Vasar Dhar's "Data Science and Prediction" is an excellent introduction.
McKinsey & Company published a study in 2011 that is still frequently cited. The most repeated statistic from this report is their prediction that, by 2018, the demand for data scientists would exceed supply by 140,000 people in the United States alone.
Forbes provide this brief but interesting History of Data Science.
Resources on Social Media
Here are a few researchers whose work may interest you.
Sebastian Thrun founded Google[x] and led the Google driverless car project. He is the CEO of the MOOC (Massive Open Online Courses) website Udacity and is a research professor at Stanford University. You can follow him on Twitter (@SebastianThrun).

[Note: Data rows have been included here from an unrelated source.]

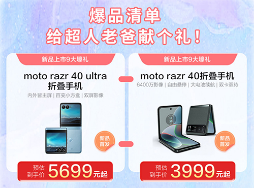 例如近日爆卖的moto razr 40 Ultra折叠手机到手预估价仅5699元,moto razr 40折叠手机到手预估价3999元,可谓性价比极高。
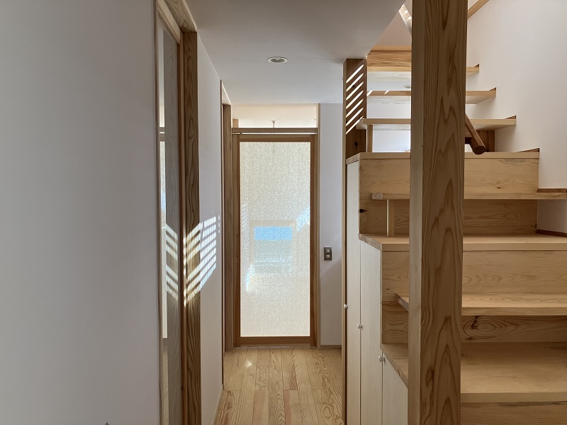 2.道路が狭く密集した地域に建つが、敷地の南北に余白を設け、光が入り風が抜ける気持ちの良いお家
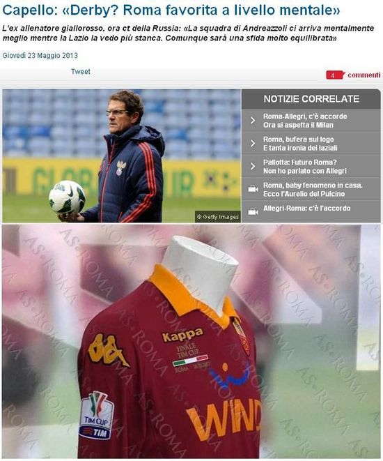 曾率罗马夺得过意甲冠军的名帅卡佩罗看好自己的旧主,“罗马目前的精神面貌更好,上周末他们战胜了那不勒斯,这将给球队带来积极的作用。当然,德比是一场特殊的比赛,不能根据纸面实力做出预测。我们必须让球员们明白,这是一场德比战,是一场特殊的比赛,必须竭尽全力。更难得的是,这还是意大利杯决赛。”而曾在罗马效力多年的蒙特拉则表示,“我曾经历过很多次罗马德比,我希望罗马城两队的球迷们都能在比赛中保持冷静,这应该是属于足球的美好一天。”
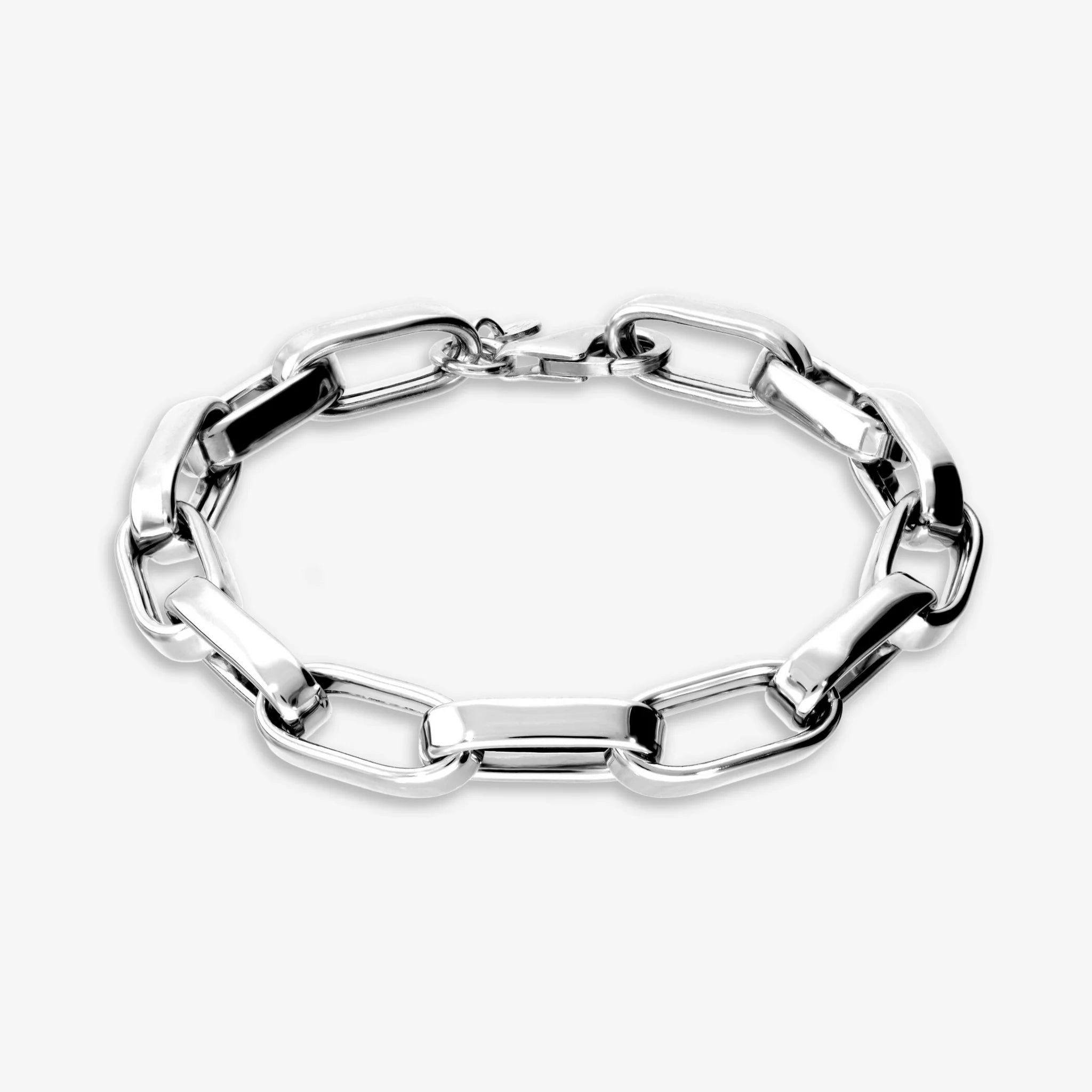 Bracciale Maxi Maglie Ovali Allungate in Argento 925 placcato Platino

Andrew Ng is a professor at Stanford and is the Chief Scientist of the web-services company Baidu. He also co-founded Coursera, where you can find his courses on Machine Learning. Ng has done extensive work on deep learning. He also founded and led the “Google Brain” project: a billion-neuron neural network that famously learned to recognize cats. His website includes many videos and papers. You can also follow him on Twitter (@AndrewYNg).
Open Source Tools
- Python is a scripting language that is easy to learn and very widely used.
- R is a language geared for statistical computing.
Machine Learning Toolkits
- NumPy and SciPy are packages that facilliate scientific computing in Python.
- scikit-learn implements many machine learning algorithms in Python, as well as handling aspects like cross-validation and feature selection.
- matplotlib is a Python library that provides functionality to visualize data, including a variety of plots and charts.
- NLTK is a set of tools for Natural Language Processing in Python.